Llegó Eros con vino para los dos hombres, y le guiñó el ojo de manera provocativa a Tito; Balbo tuvo que reprimir una sonrisa. Sabía que el entrenador odiaba al chico, a quien se refería como «ese remilgado catamita». Sin embargo, le dijo al esclavo que se retirara, ya que quería que Tito le prestara toda su atención.

—Van a cambiar las cosas por aquí —dijo él—. Si lo hacemos bien, podemos acabar podridos de dinero. Todos nosotros —añadió él de manera significativa—. El gobernador quiere que organice un espectáculo. Un espectáculo como nunca se ha visto fuera de Roma.

—Eso ya lo he oído antes —dijo Tito. Su hastiada «voz de la experiencia» le resultaba algo irritante a Balbo.

—No así. —Balbo se permitió ser engreído. Empezó a relatarle los detalles de su conversación con Frontino y Esquilo respecto a la grandiosidad que se habían imaginado para el cumpleaños de Domiciano. Cuando terminó, vio que Tito estaba, como era lógico, impresionado—. Es por eso que he permitido que las griegas y las romanas formaran una facción alrededor de Lisandra. Si va a ser ella la que las lidere en la batalla, es bueno que se acerquen a ella.

—Pero todavía no les has contado tus planes, ¿no? —gruñó Tito.

—Todavía no, pero gracias al pequeño altercado de hoy voy a tener que hacerlo cuanto antes. Todos sabéis que estoy ampliando el ludus. Mi plan es llevar a las griegas y a las demás a la nueva ala para que se entrenen como un solo grupo. Iré añadiendo tantas esclavas como pueda, y tantas como el dinero de Frontino pueda comprar, y tan rápido como me sea posible.

—Tiene sentido —asintió Tito—. ¿Y quién va a entrenar este «ejército» de Lisandra?

Balbo sonrió abiertamente.

—Ella lo hará. Pero me imagino que va a necesitar ayuda, Tito. Tú eres el hombre al que llaman el Centurión, después de todo. Mira... —Se echó hacia delante—. La ayudas, y con ello me ayudas a mí. Cuando termine todo esto, le habrás ganado una muy buena reputación y serás tan rico como Creso, el mundo estará a tus pies. Y todos contentos.

—No todos —dijo Tito—. Habrá habido muchas muertes después de esto, Balbo.
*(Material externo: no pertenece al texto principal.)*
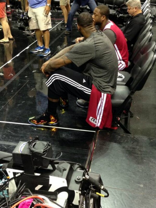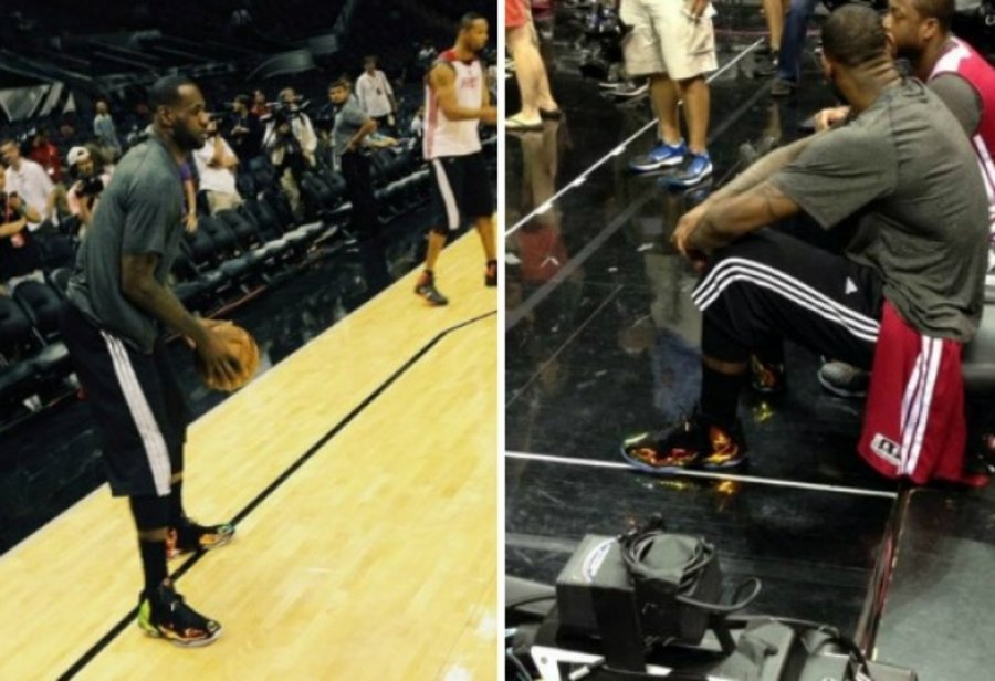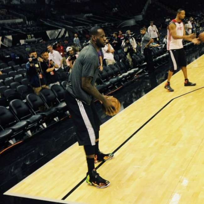 本赛季的 NBA 总决赛即将掀开战幕,而詹姆斯能否率领热火击败马刺,夺得三连冠,延续王者荣耀,是全世界球迷关注的焦点。 在今天的训练赛中,詹姆斯上脚了王者皇冠配色的 LeBron 11 EXT "King's Crown"。贵金属风范的金色搭配沉稳的黑色麂皮,王者的霸气在詹姆斯脚下显现。
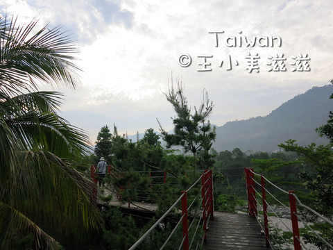 这里依山傍水,风景清幽。还有一座空中情人桥。在木桥上走走停停,一路观景,好有趣。
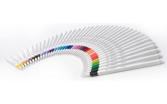5 Uni Emott fineliners in passionele kleuren. De Uni Emott is een schrijf- en tekenstift die verkrijgbaar is in 40 kleuren. Deze fineliner heeft een fijne punt van 0.4 mm. Geschikt om mee te schrijven, tekenen en lijnen trekken. De zeer sterke punt trekt niet krom, splijt niet en geeft altijd strakke, regelmatige lijnen. De inkt is op pigment- en waterbasis en drukt niet door het papier. Vervaagt niet. Ook loopt de inkt niet uit en vlekt niet.

Balbo consideró que ese comentario era admirable. Pero el dinero te volvía más duro. Al final, las luchadoras de la arena morían, un hecho que le aclaró al entrenador.

—Así son las cosas, Tito.

—¿Y mientras tanto?

—Mientras tanto, aquí no ha pasado nada. Quiero que Lisandra salga a luchar. Quiero máxima publicidad. Falco va a tener que trabajar duro en los próximos dos años. —Balbo estimó que al promotor le iba a encantar la idea—. Que las mujeres permanezcan apartadas tanto como sea posible, hasta que pueda llevar a las griegas a la nueva ala. Una vez que estén fuera de aquí, todo volverá a la normalidad.

—Brindo por ello. —Tito alzó su copa.